Example — JSON output with per-file breakdown:

$ python -m reproducible_trajectories verify-trajectories . --json
[
  {
    "commit": "0d43870c17a0",
    "short_message": "implementation of hook",
    "trajectory": "e9f50aed-ffcd-488b-bdd3-8e6f68539932",
    "status": "reproducible",
    "files": [
      { "file": "hooks/pre-commit", "status": "match" }
    ]
  },
  ...
]

share-trajectories

share-trajectories is the easiest way to contribute your local Claude Code, pi coding agent, and OpenAI Codex CLI trajectories to science. It scans ~/.claude/projects/ (Claude Code), ~/.pi/agent/sessions/ (pi coding agent), and ~/.codex/sessions/ (OpenAI Codex CLI), then lets you choose whether to share all trajectories or only the ones from open-source repositories.

Why it matters for science: Trajectories produced on open-source projects are themselves open data — the code they touch is public, the repository is public, and the agent's reasoning process is therefore safe to share. Collecting these trajectories at scale enables empirical studies that are otherwise impossible: How do AI agents navigate real codebases? Which tool-use patterns lead to correct, mergeable commits? How does agent behaviour vary across programming languages or project sizes? Every trajectory you share is a data point that helps answer these questions.

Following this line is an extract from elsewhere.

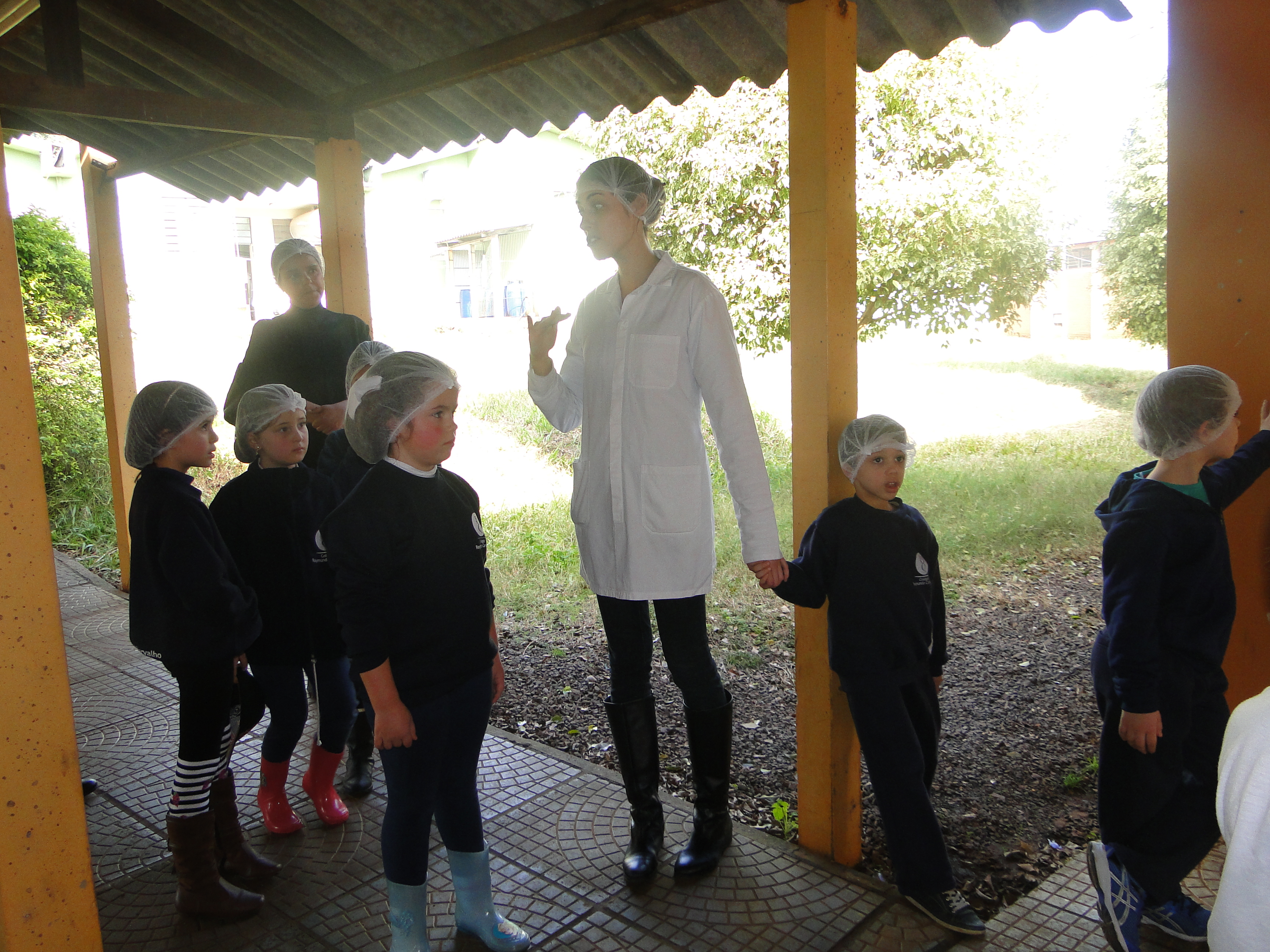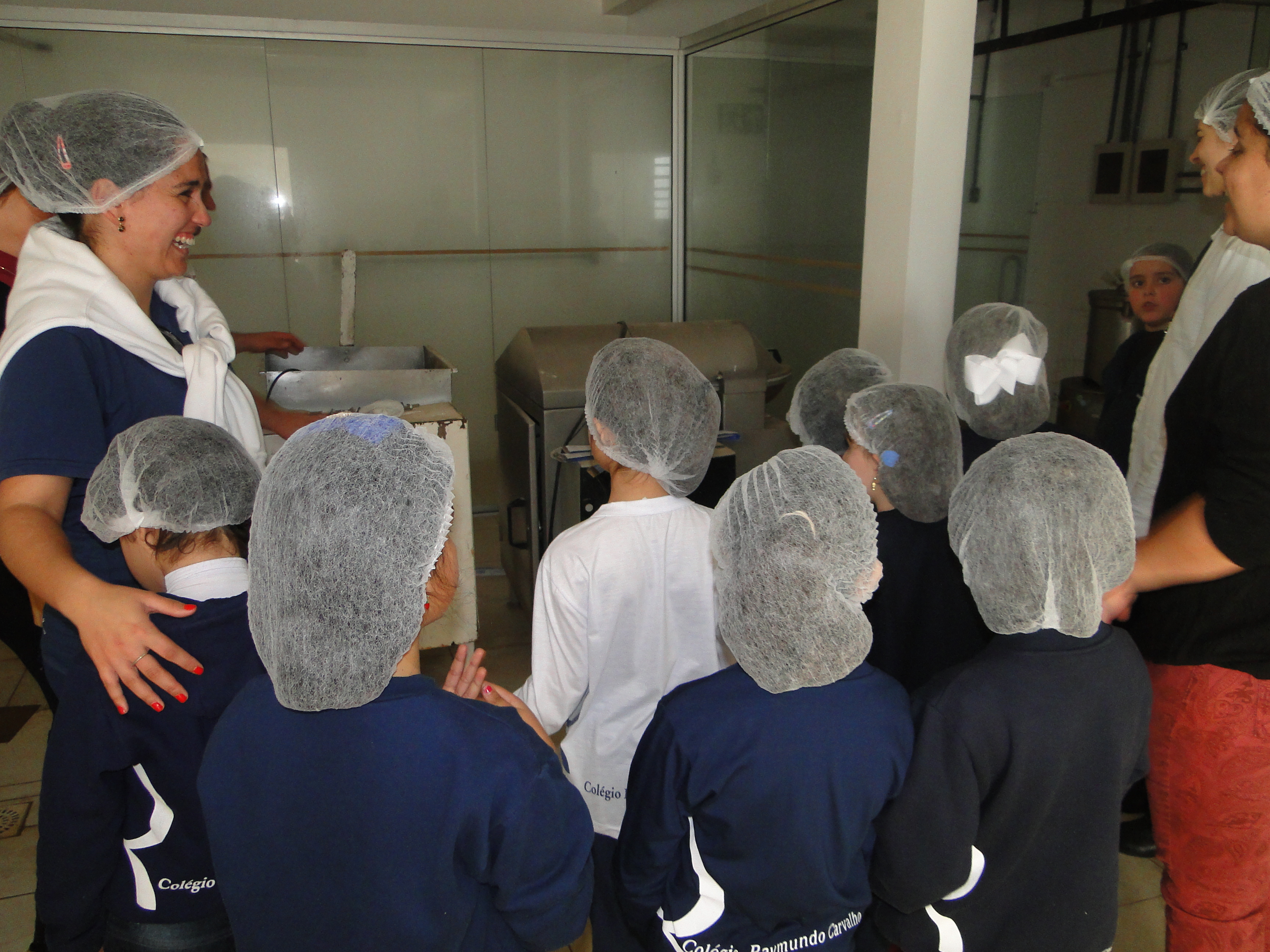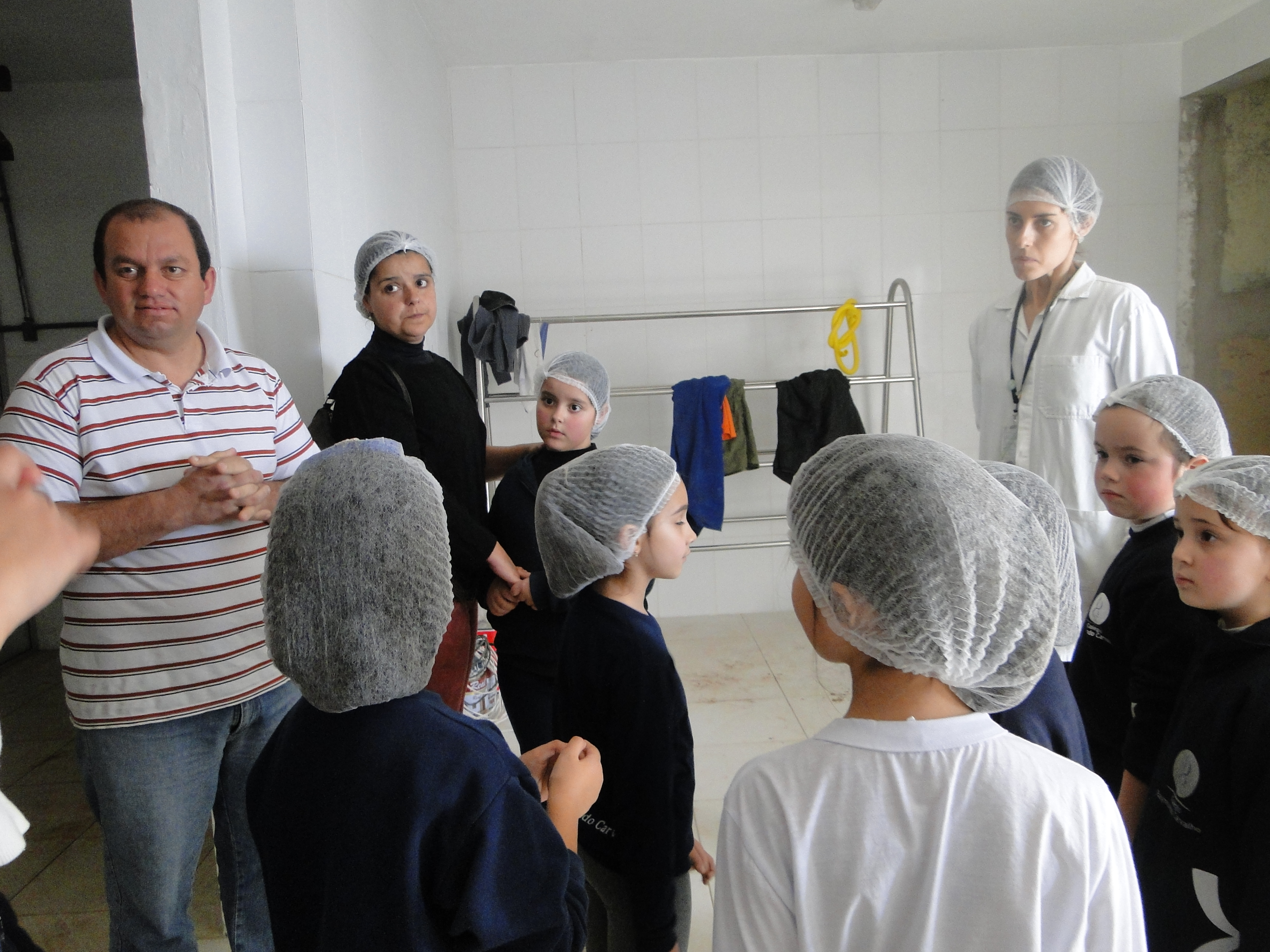 Uma visita mais que especial esteve no Campus ontem, dia 29 de junho. Dez alunos do 1º ano do ensino fundamental do Colégio Prof. Raymundo Carvalho, de Alegrete, juntamente com duas professoras e uma mãe, estiveram no Campus para conhecer a Agroindústria. O objetivo da professora foi mostrar aos pequenos como são produzidos e manipulados os alimentos derivados do leite e da carne, temas esses que a professora vem ensinando à eles desde o início do ano.

How to run it (interactive, one-time contribution):

pip install reproducible-trajectories
python -m reproducible_trajectories share-trajectories

The command will:

  1. Start by asking whether you want to share all trajectories or only the ones from open-source repositories.
  2. Reassure you that all collected data will be properly filtered and anonymized.
  3. Scan all local trajectories (Claude Code, pi coding agent, and Codex CLI) and keep those whose edits stay within a single git repository.
  4. Display the repos and edited files found for the selected scope.
  5. Ask whether you agree to share all of them, or step through them repo by repo.
  6. Zip and upload the approved trajectories together with a metadata.json containing your git email and any public GitHub repo URLs that were found.
  7. Ask whether to install a pre-commit hook in each repo so future trajectories are shared automatically.
  8. Print a summary: trajectories uploaded, hooks added.
$ python -m reproducible_trajectories share-trajectories
Do you want to:
  1) share all trajectories
  2) only share the ones from open-source repositories
All collected data will be properly filtered and anonymized. [1/2/N] 2

🔍 Found 20 trajectories in open-source repos

/home/user/myproject  https://github.com/org/myproject
  /home/user/myproject/src/foo.py
  /home/user/myproject/tests/test_foo.py
...

Do you agree to share them all with the KTH experiment on coding agents? [y/N]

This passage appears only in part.